Realtors lobby for relief under RERA, GST to Keep Housing Affordable

Three major reforms — demonetisation, Real Estate Regulation and Development Act (RERA) and Goods and Services Tax — introduced in a short span, seem to have taken the wind out of the sails of real estate sector in Telangana.

While demonetisation derailed the momentum of the real estate for sometime that saw its resurgence after the formation of Telangana State, uncertainty over the notification of rules under the RERA and high GST rates have put a huge strain on the real estate sector, say sources.

The Confederation of Real Estate Developers’ Association of India (CREDAI) feels if the State government does not intervene soon, the situation may result in delay in the launch of new projects and cost escalation of the ongoing projects. The final burden will have to be passed on to the end consumers, they feel.

Retrospective clause

The retrospective clause under the RERA will increase the apartment price at least by 15 to 20% for buyers than what they had agreed to pay. A rough estimate puts the number of apartments under construction at 40,000 to 50,000 in Hyderabad and elsewhere in the State, CREDAI representatives said.

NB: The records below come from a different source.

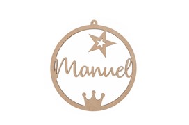Adorno decorativo redondo de madeira com nome Manuel, coroa e estrela
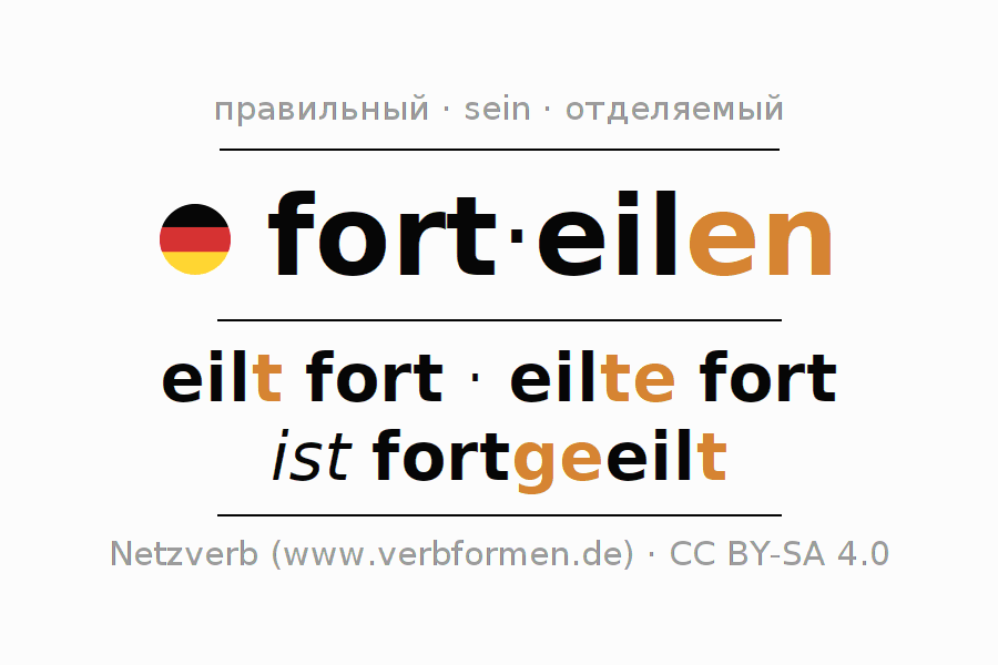 - Презенс: ich eile fort, du eilest fort, er eile fort, wir eilen fort, ihr eilet fort, sie eilen fort
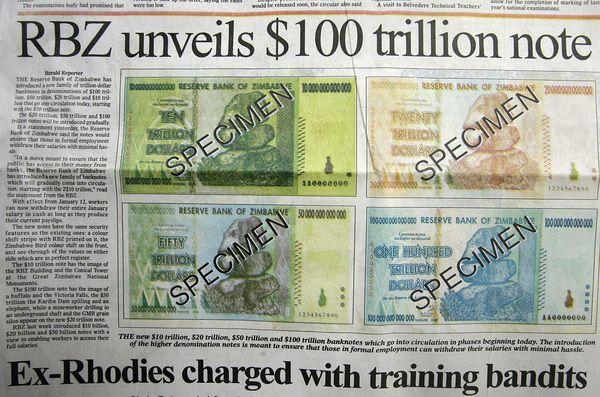 Însă nu s-a oprit totul aici. Un an mai târziu, în 2009, banca naţională a printat bancnota de 100 de trilioane de dolari de Zimbabwe.
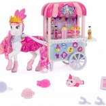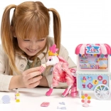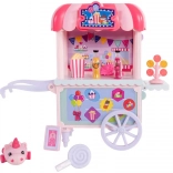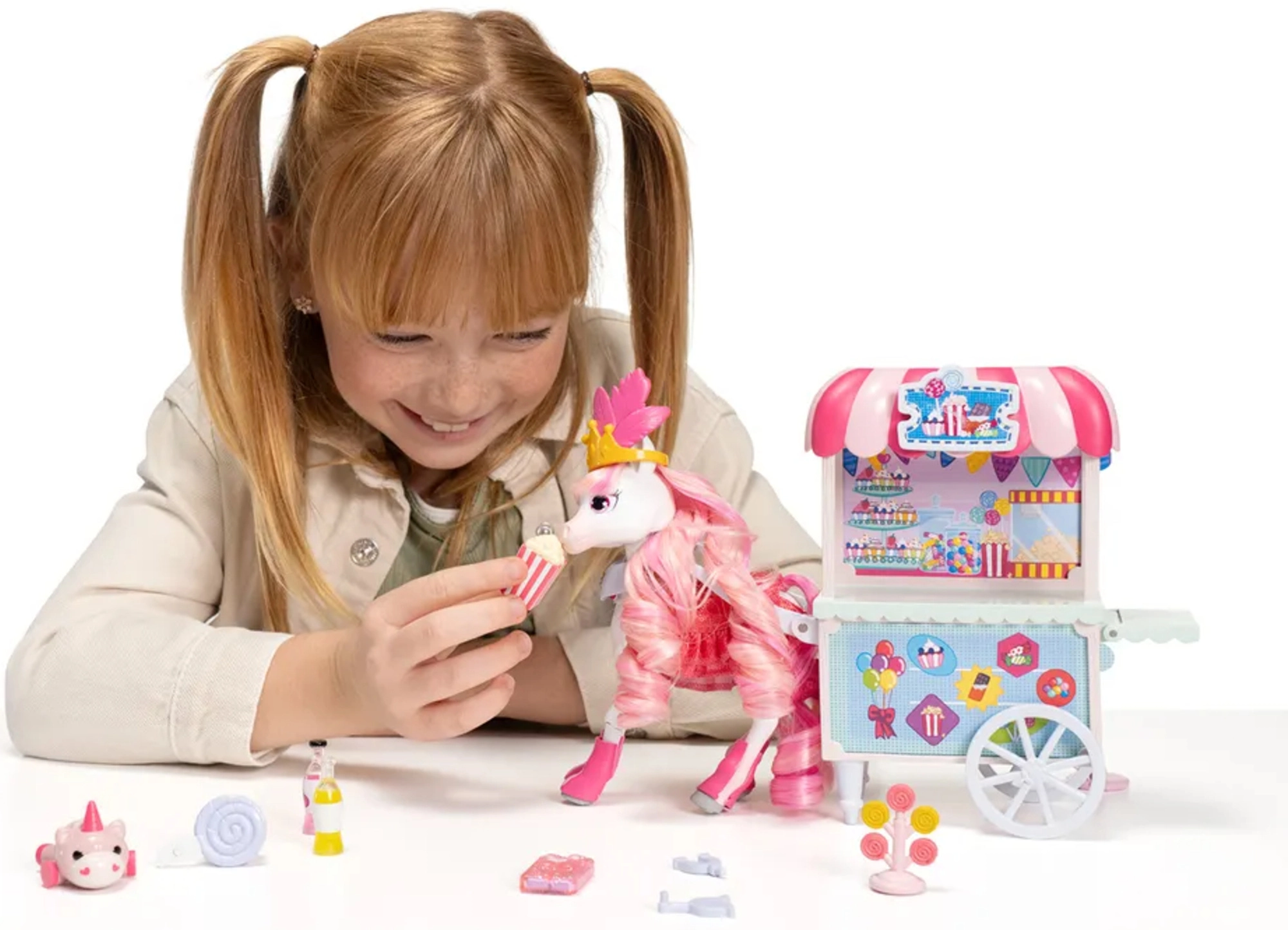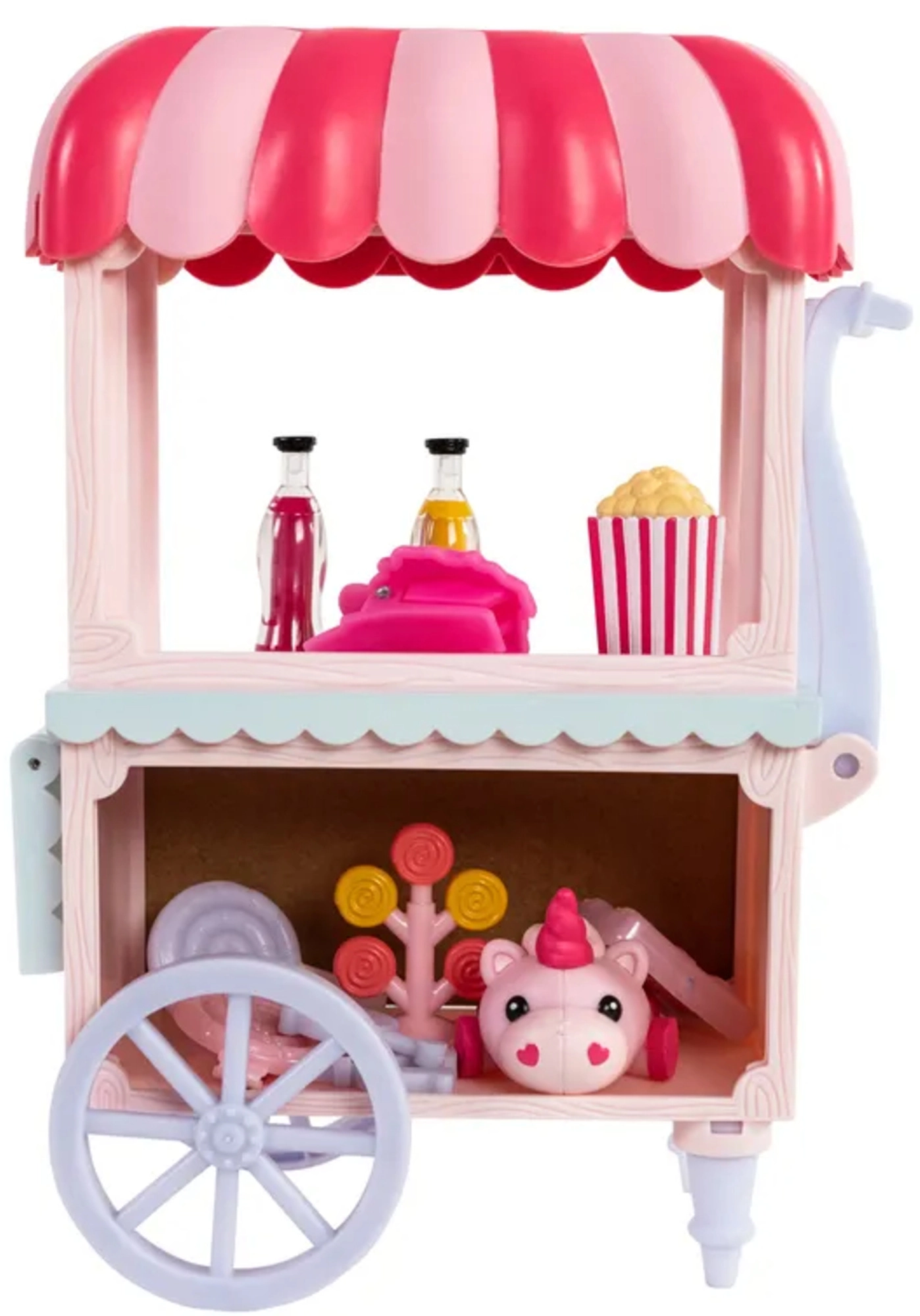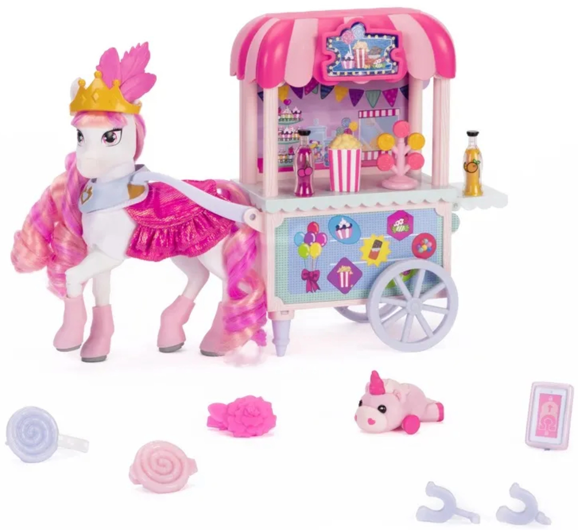 Šareni štand Sugar Rush Carnival s prugastim krovićem i funkcionalnim kotačićima spreman je za prodaju popcorn-a, lizalica i napitaka. Pomoću vučne šipke/uzda kolica se mogu priključiti na Candi i krenuti u slatku vožnju kroz gradić Mane Lane. U kompletu su i mali dodaci za njegu i styling – četka, ukosnice i još ponešto.

The RERA, 2016, passed by the Centre that came into effect from May, 2017, is welcomed by corporate players and consumers alike as it enables the latter to enforce their rights and seek redressal of grievances from the designated authority and bring transparency into the operations of the sector, besides streamlining it.

But what worries the sector now is the delay by the Telangana government in notifying the rules under the RERA.

“We welcome the RERA, but wish the government is practical in implementing the Act and notifying the rules soon,” say CREDAI sources. So far, 16 States have notified the rules under the RERA, including A.P. and Karnataka. Andhra Pradesh exempted the ongoing projects from RERA rules and Karnataka, like many other States, gave exemption to the ongoing projects with 60% of work done.

About the GST, the Association represented that contrary to ‘one nation– one tax’, it would lead to double taxation on real estate. The GST does not subsume NALA (Non-agricultural land assessment tax), vacant land tax, change of land use tax, city-level impact fee, approval fee and charges, etc., adding to the cascading effect. Thus the government could help by reducing the GST rate on real estate.

They said either registration charges may be subsumed under the GST or relief on land value or instead of 12%, the rate may be reduced to 5% since there is no refund of the overflow of credit.

A majority of goods for construction like cement are under 28% tax slab. The input tax credit for the ongoing projects, reduction of rate for pre-cast building products from 28% to 18% and GST exemption for economically weaker and lower income group housing are what the real estate sector is banking on.